Cilatus Manufacturing Services core business is to provide End-to-End QA review and QP release services for commercial and investigational medicinal products. We are licensed by the Irish Regulatory Authority (Health Products Regulatory Authority) to QP certify batches for the export of commercial and investigational medicinal products from the EU, to import into the EU for medicinal product for sale or use in EU clinical trials and for any medicinal products completely manufactured within the EU, we provide the QP certification necessary for their sale to the EU market or use in EU clinical trials.

Our Quality Assurance Team has in-depth knowledge of biotechnology and traditional pharmaceutical manufacturing processes.

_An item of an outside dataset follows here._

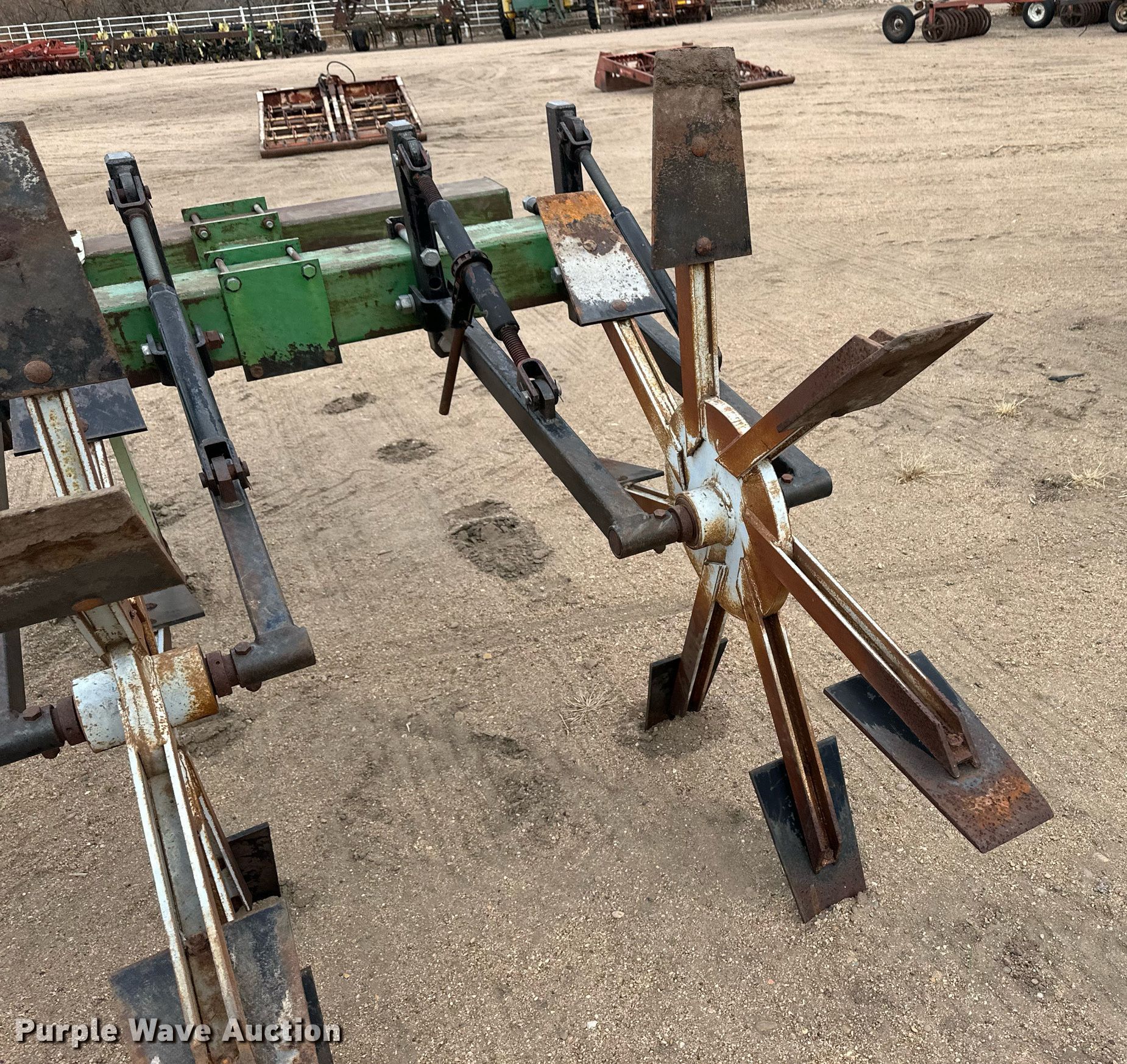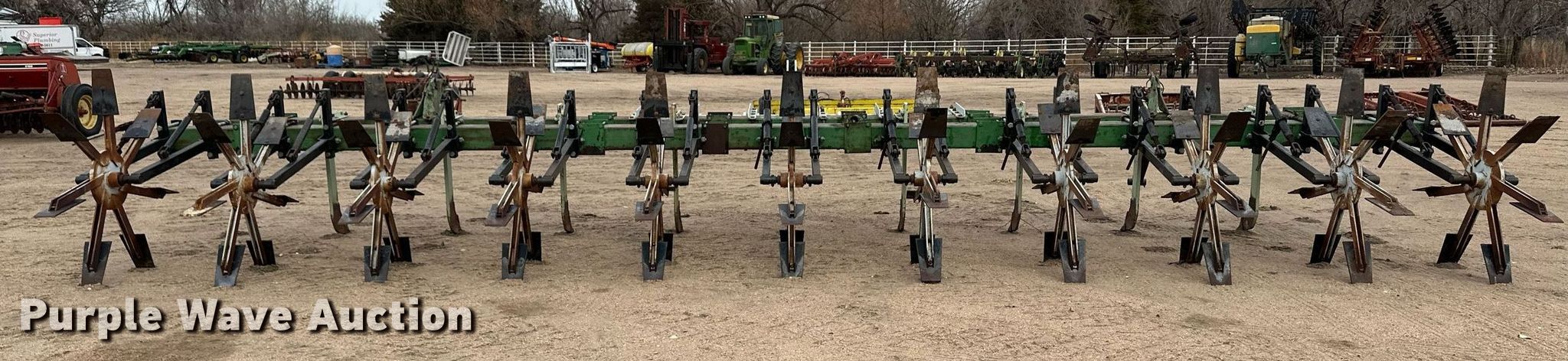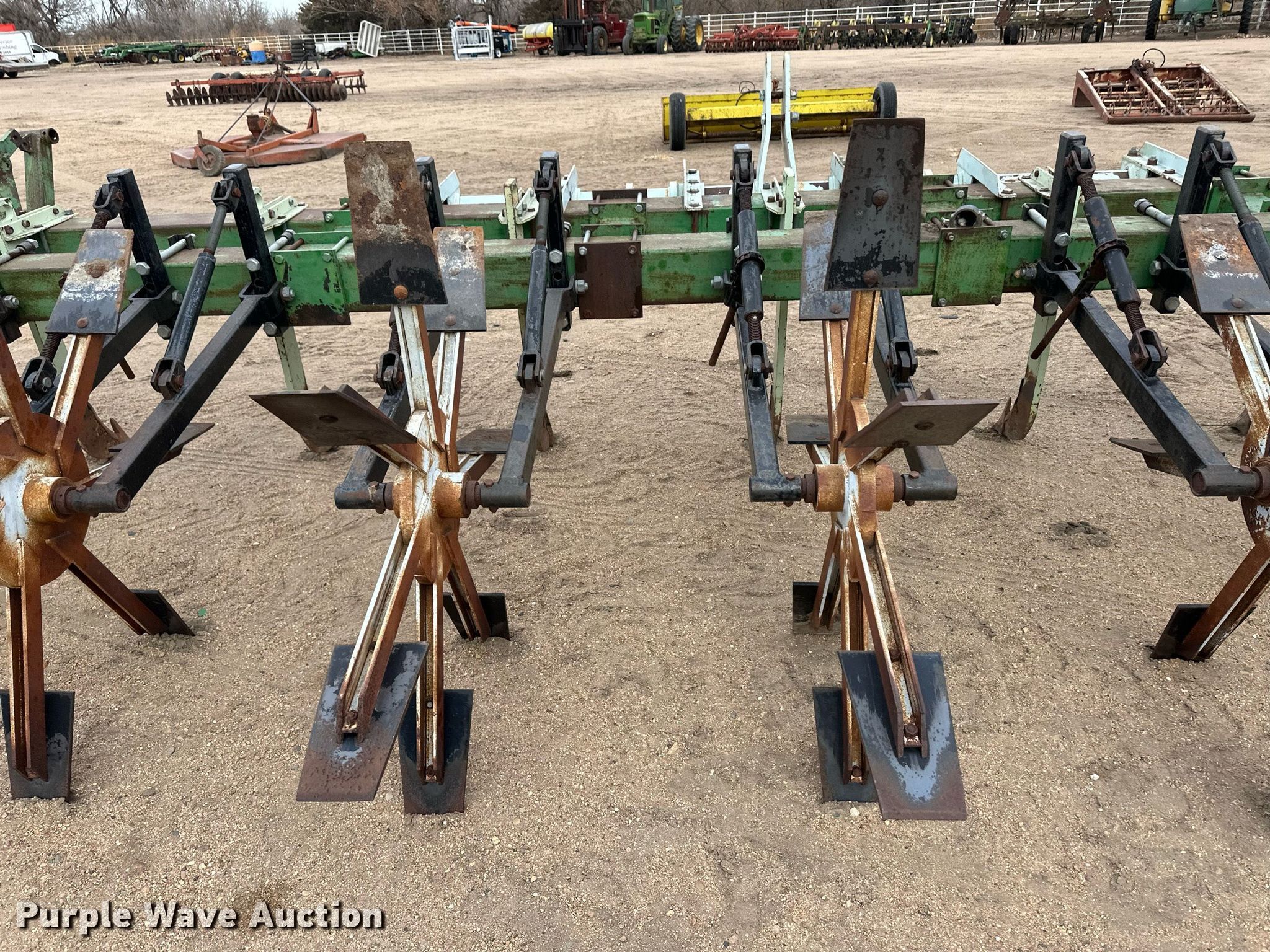 Purple Wave is selling a used Row Crop Cultivator in Kansas. This item is a Row crop cultivator with the following: Overall width: 33', Number of rows: 11, Row spacing: 36", Shanks, Hitch: Three point

For commercial and investigational products, we comply with all required EU legislation including GMP Guide Volume 4, Annexes 13 and 16, Clinical Trials Directive 2001/20/EC and others as required.

We can fully support our clients by providing a comprehensive range of QA services including completing Supply Chain Maps, QP Declarations, Dossier Review and Product Quality Review activities.

We operate a validated electronic Quality Management System and a file-sharing platform ensuring full confidentiality, control, security and segregation for all client documentation. In addition, our validated documentation systems facilitate a streamlined and efficient transfer of documentation to and from our clients ensuring business continuity and integral back up as required.